## TO DO
No pictures are to be included when the entries below are reproduced exactly.

──────── ENTRIES SHOWN ────────

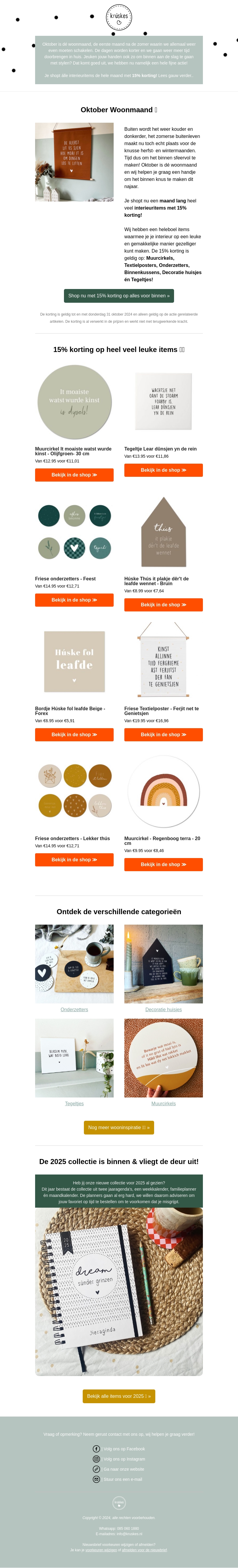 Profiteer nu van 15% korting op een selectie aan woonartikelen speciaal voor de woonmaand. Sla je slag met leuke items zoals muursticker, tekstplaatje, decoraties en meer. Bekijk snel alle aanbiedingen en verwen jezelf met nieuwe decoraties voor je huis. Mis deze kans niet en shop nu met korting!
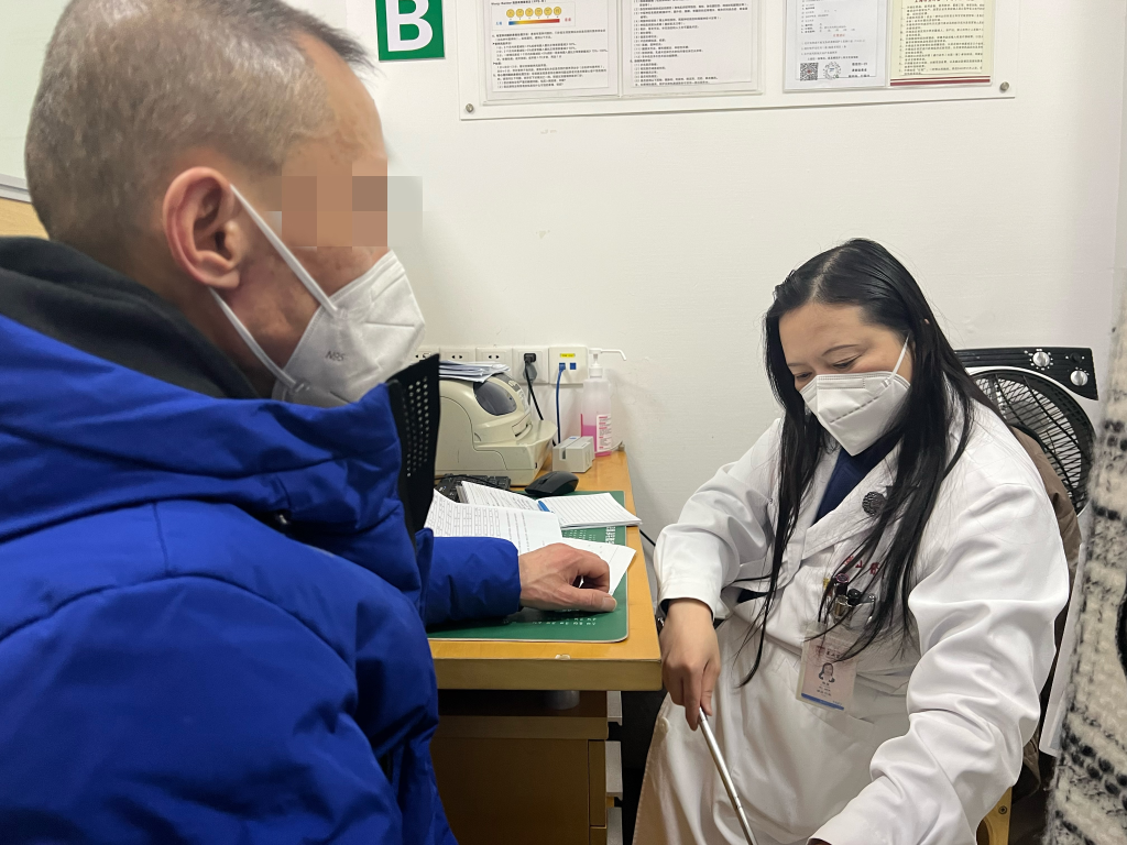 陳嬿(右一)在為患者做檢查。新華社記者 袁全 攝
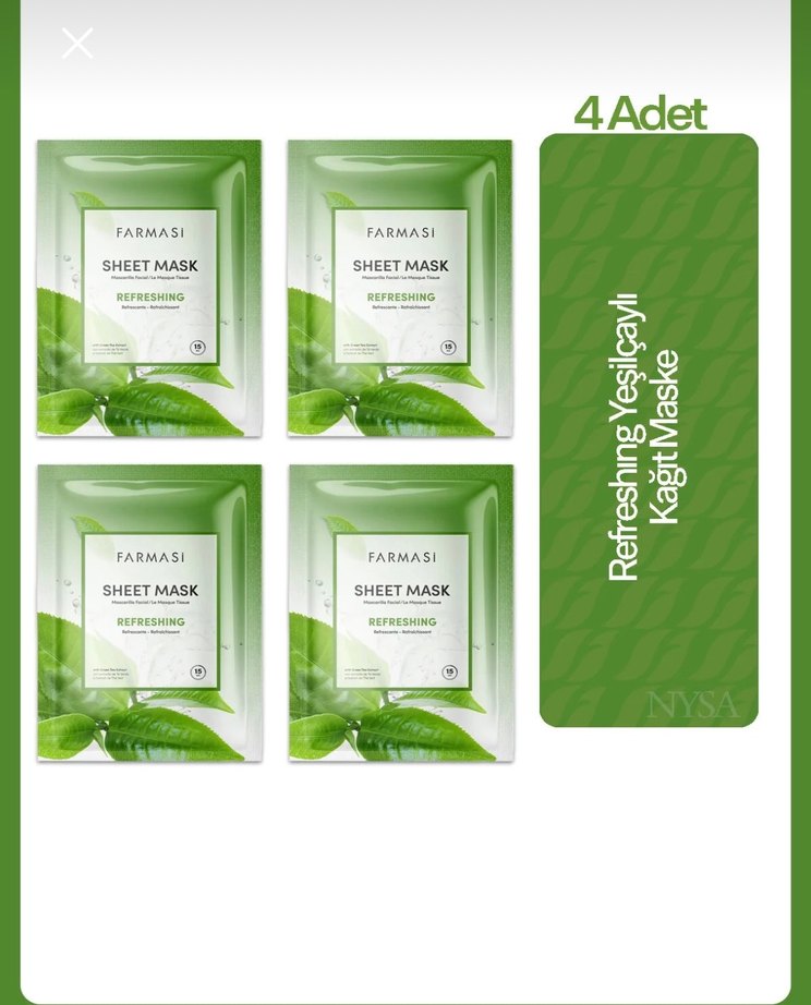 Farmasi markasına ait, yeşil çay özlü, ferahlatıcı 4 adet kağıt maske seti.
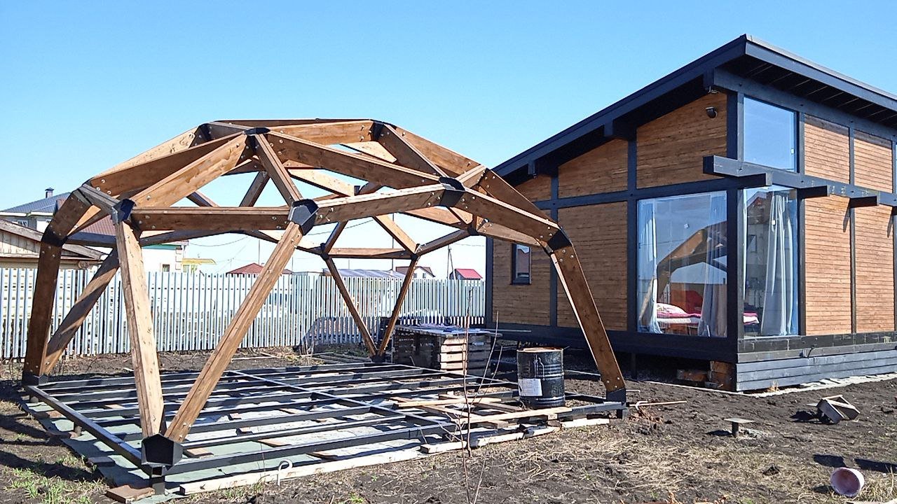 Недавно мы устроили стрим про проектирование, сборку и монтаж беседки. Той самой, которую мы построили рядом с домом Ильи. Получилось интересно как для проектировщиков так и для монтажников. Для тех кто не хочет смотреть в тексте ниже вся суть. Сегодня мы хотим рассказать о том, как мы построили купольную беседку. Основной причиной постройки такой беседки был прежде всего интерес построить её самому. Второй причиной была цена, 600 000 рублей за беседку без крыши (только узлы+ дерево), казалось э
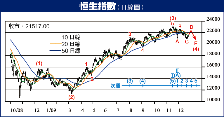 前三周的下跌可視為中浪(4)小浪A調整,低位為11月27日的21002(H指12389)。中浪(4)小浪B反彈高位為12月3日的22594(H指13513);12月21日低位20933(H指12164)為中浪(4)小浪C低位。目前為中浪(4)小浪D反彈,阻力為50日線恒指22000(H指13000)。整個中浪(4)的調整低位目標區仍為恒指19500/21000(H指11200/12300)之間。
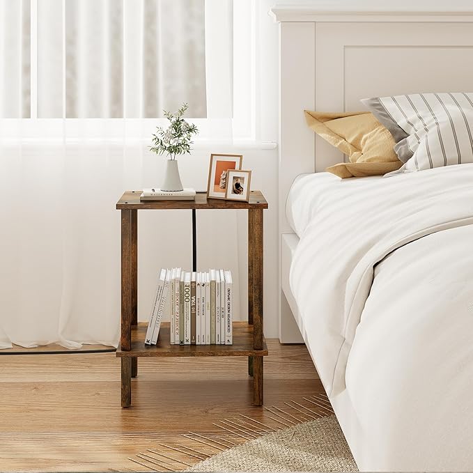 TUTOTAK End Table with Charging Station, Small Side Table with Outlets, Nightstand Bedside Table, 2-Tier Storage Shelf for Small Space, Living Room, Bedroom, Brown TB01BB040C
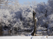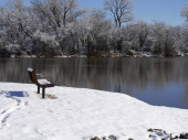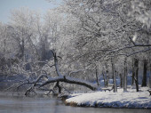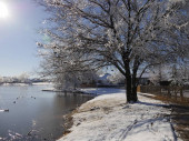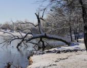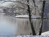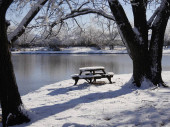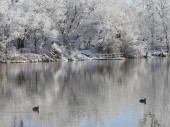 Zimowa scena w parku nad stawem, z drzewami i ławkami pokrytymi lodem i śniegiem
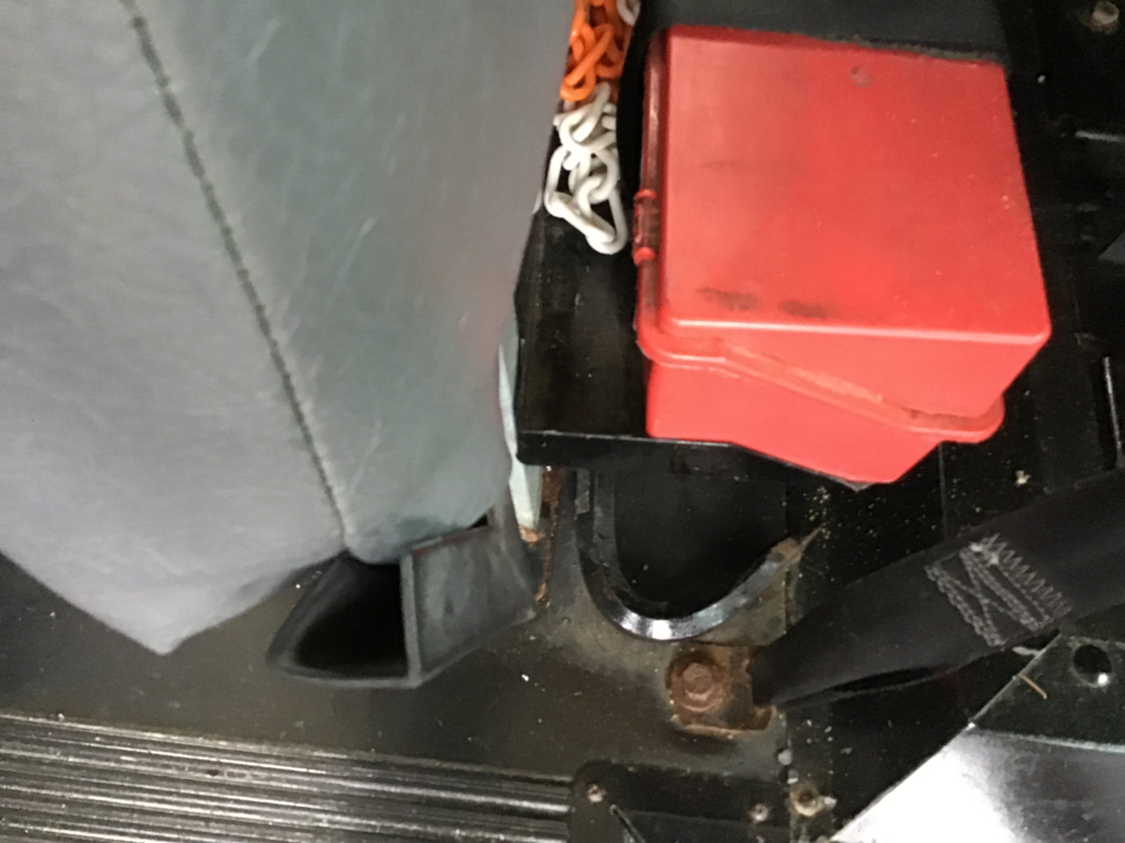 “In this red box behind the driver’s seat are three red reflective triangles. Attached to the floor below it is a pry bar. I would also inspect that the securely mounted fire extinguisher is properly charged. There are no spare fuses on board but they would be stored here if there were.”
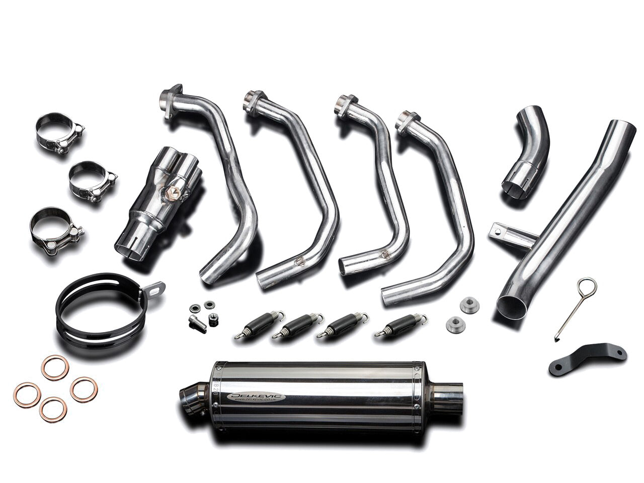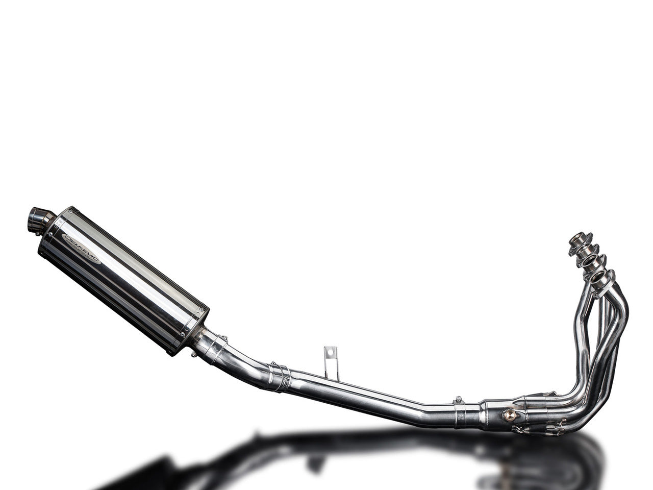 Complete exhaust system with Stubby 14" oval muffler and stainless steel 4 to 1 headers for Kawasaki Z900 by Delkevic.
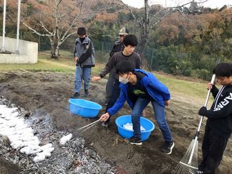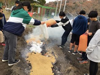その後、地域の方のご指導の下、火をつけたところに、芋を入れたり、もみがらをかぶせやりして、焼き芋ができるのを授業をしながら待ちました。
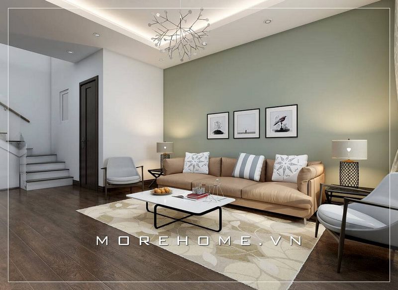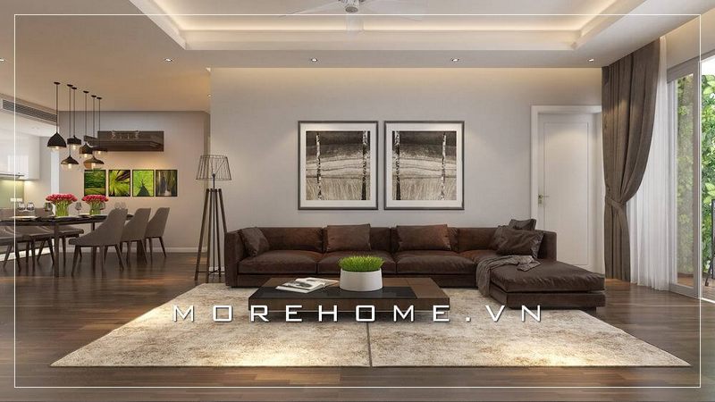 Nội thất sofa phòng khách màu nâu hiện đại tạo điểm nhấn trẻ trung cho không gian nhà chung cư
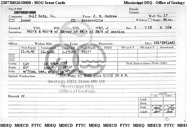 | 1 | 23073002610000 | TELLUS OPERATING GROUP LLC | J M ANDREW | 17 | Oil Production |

────────

## ANSWER SECTION
 Profiteer nu van 15% korting op een selectie aan woonartikelen speciaal voor de woonmaand. Sla je slag met leuke items zoals muursticker, tekstplaatje, decoraties en meer. Bekijk snel alle aanbiedingen en verwen jezelf met nieuwe decoraties voor je huis. Mis deze kans niet en shop nu met korting!
 陳嬿(右一)在為患者做檢查。新華社記者 袁全 攝
 Farmasi markasına ait, yeşil çay özlü, ferahlatıcı 4 adet kağıt maske seti.
 Недавно мы устроили стрим про проектирование, сборку и монтаж беседки. Той самой, которую мы построили рядом с домом Ильи. Получилось интересно как для проектировщиков так и для монтажников. Для тех кто не хочет смотреть в тексте ниже вся суть. Сегодня мы хотим рассказать о том, как мы построили купольную беседку. Основной причиной постройки такой беседки был прежде всего интерес построить её самому. Второй причиной была цена, 600 000 рублей за беседку без крыши (только узлы+ дерево), казалось э
 前三周的下跌可視為中浪(4)小浪A調整,低位為11月27日的21002(H指12389)。中浪(4)小浪B反彈高位為12月3日的22594(H指13513);12月21日低位20933(H指12164)為中浪(4)小浪C低位。目前為中浪(4)小浪D反彈,阻力為50日線恒指22000(H指13000)。整個中浪(4)的調整低位目標區仍為恒指19500/21000(H指11200/12300)之間。
 TUTOTAK End Table with Charging Station, Small Side Table with Outlets, Nightstand Bedside Table, 2-Tier Storage Shelf for Small Space, Living Room, Bedroom, Brown TB01BB040C
 Zimowa scena w parku nad stawem, z drzewami i ławkami pokrytymi lodem i śniegiem
 “In this red box behind the driver’s seat are three red reflective triangles. Attached to the floor below it is a pry bar. I would also inspect that the securely mounted fire extinguisher is properly charged. There are no spare fuses on board but they would be stored here if there were.”
 Complete exhaust system with Stubby 14" oval muffler and stainless steel 4 to 1 headers for Kawasaki Z900 by Delkevic.
その後、地域の方のご指導の下、火をつけたところに、芋を入れたり、もみがらをかぶせやりして、焼き芋ができるのを授業をしながら待ちました。
 Nội thất sofa phòng khách màu nâu hiện đại tạo điểm nhấn trẻ trung cho không gian nhà chung cư
 | 1 | 23073002610000 | TELLUS OPERATING GROUP LLC | J M ANDREW | 17 | Oil Production |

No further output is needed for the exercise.